To automate the pipeline, you can make it either event-based or schedule-based. If you take the event-based approach, you can make use of S3 events to trigger an action when the files are uploaded. The event triggers an action, using an AWS Lambda function that corresponds to another step in the pipeline. Traditional ETL jobs have to rely on mechanisms like database triggers to enable this, which can cause additional performance overhead.
If you choose to go with a scheduled-based approach, you can use Lambda with scheduled events. The schedule is managed via a cron expression and the Lambda function is used to run the next step of the pipeline. This is suitable for workloads similar to a scheduled batch ETL job.
Filter and data transformation
To filter and transform the dataset, first look at the overall counts and structure of the data.

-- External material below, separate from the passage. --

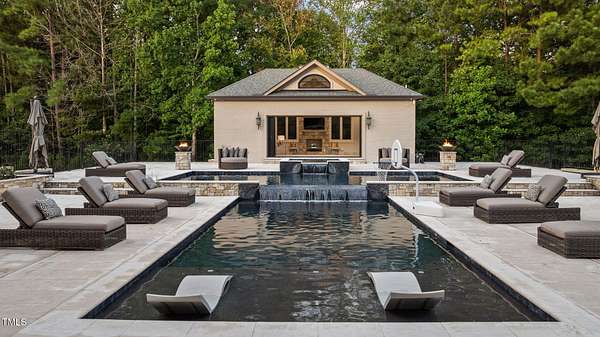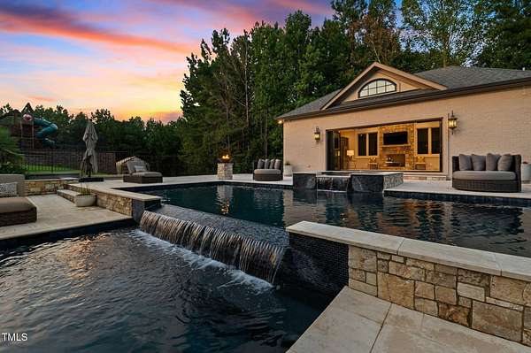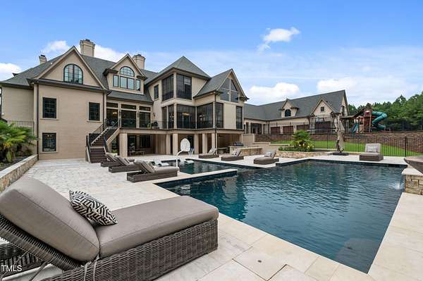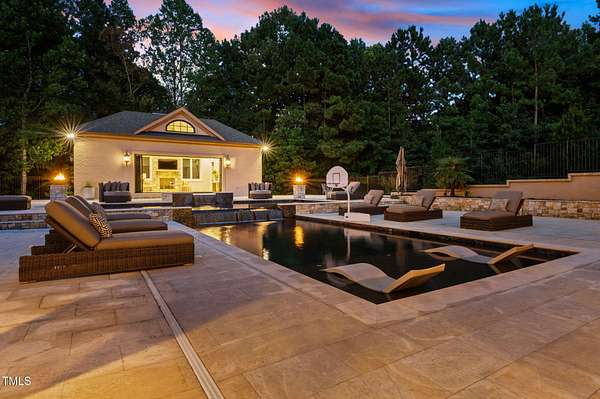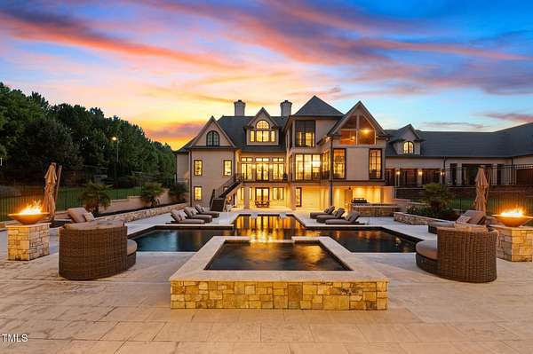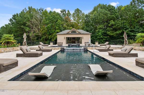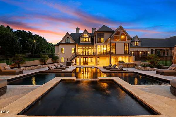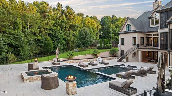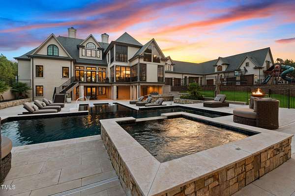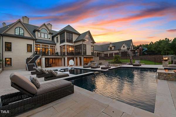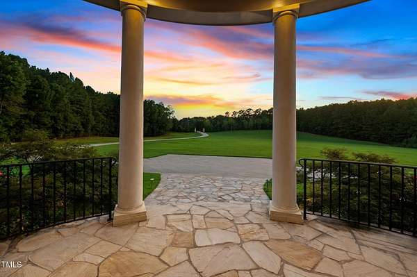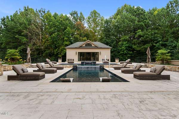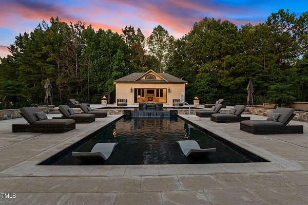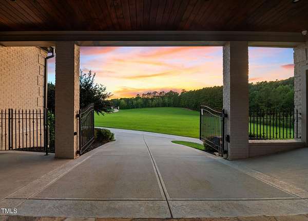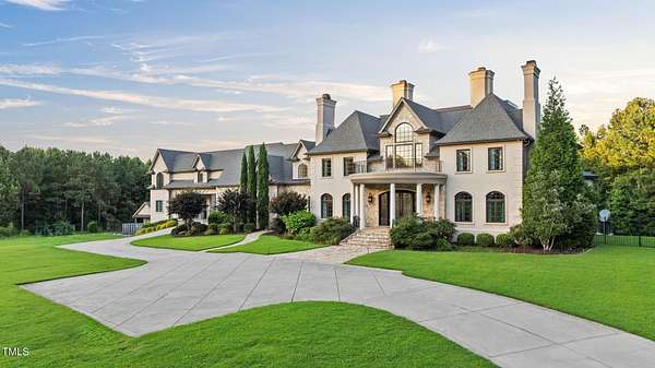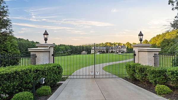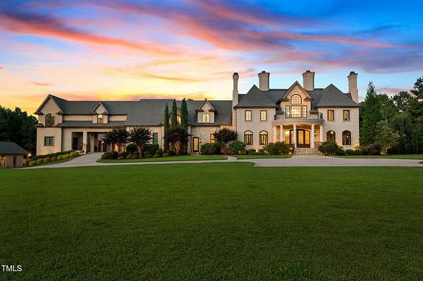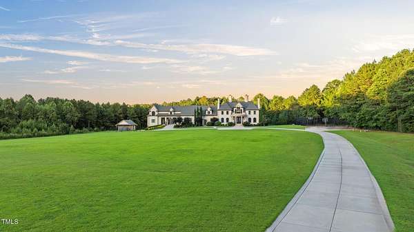 Unparalleled luxury, privacy, and function converge on this extraordinary 14.22-acre estate just north of Falls Lake. Fully fenced and gated for total seclusion, yet minutes from RTP, RDU, top universities, and fine dining. Extensively renovated with high-end finishes and designer details, this home blends modern elegance with timeless design-featuring a grand floating spiral staircase, 11 garages, and state-of-the-art systems including, generator, and reverse osmosis water filtration. The gourmet kitchen impresses with custom cabinetry, an oversized island, and adjoining hearth room, opening to a four-season porch with fireplace-perfect for year-round entertaining. The lavish primary suite offers a private sitting room with fireplace, four-season balcony, home office, laundry, and incredibly expansive his-and-hers private boutique dressing room that showcases custom cabinetry lining the walls, open shelving, soft-close drawers, dedicated hanging spaces and a large island with marble countertops. Elegant designer lighting, including recessed fixtures and statement chandeliers, highlights every detail and adds a warm inviting glow. The sitting area creates a comfortable space to relax or plan outfits. A private entry guest/in-law/Au Pair suite is accessible from the interior and exterior of the home. In the basement, enjoy a full home theater, gaming area, gym with sauna, salon, kitchenette, and bedroom with private bath. Outdoor living is next level: a heated, multi-tier saltwater pool with limestone deck, elevated spa, and waterfalls; a pool house with fireplace and kitchenette; a full basketball court; greenhouse; outdoor kitchen with built-in grill and cooler; temperature-controlled 6-bay kennel with wash station; playground; uplighting; and even a helicopter landing area. Opportunities like this are rare-schedule your private tour today to experience the lifestyle this extraordinary property offers.

This allows you to choose the columns that are important for a given report and use the filter clause to extract a subset of the data. Transforming the data as you progress through the pipeline ensures that you are only exposing relevant data to the reporting layer, to optimize performance.
To look at the entire dataset, create a table in Athena to go across the entire data volume. This can be done using the following query:
CREATE EXTERNAL TABLE IF NOT EXISTS brfsdata(
ID STRING,
HIW STRING,
SUSA_NAME STRING,
MATCH_NAME STRING,
CHSI_NAME STRING,
NSUM STRING,
MEAN STRING,
FLAG STRING,
IND STRING,
UP_CI STRING,
LOW_CI STRING,
SEMEAN STRING,
AGE_ADJ STRING,
DATASRC STRING,
FIPS STRING,
FIPNAME STRING,
HRR STRING,
DATA_YR STRING,
UNIT STRING,
AGEGRP STRING,
GENDER STRING,
RACE STRING,
EHN STRING,
EDU STRING,
FAMINC STRING,
DISAB STRING,
METRO STRING,
SEXUAL STRING,
FAMSTRC STRING,
MARITAL STRING,
POP_SPC STRING,
POP_POLICY STRING
)
ROW FORMAT DELIMITED
FIELDS TERMINATED BY ','
ESCAPED BY '\\'
LINES TERMINATED BY '\n'
LOCATION "s3://<YourBucket/YourPrefix>"
Replace YourBucket and YourPrefix with your corresponding values.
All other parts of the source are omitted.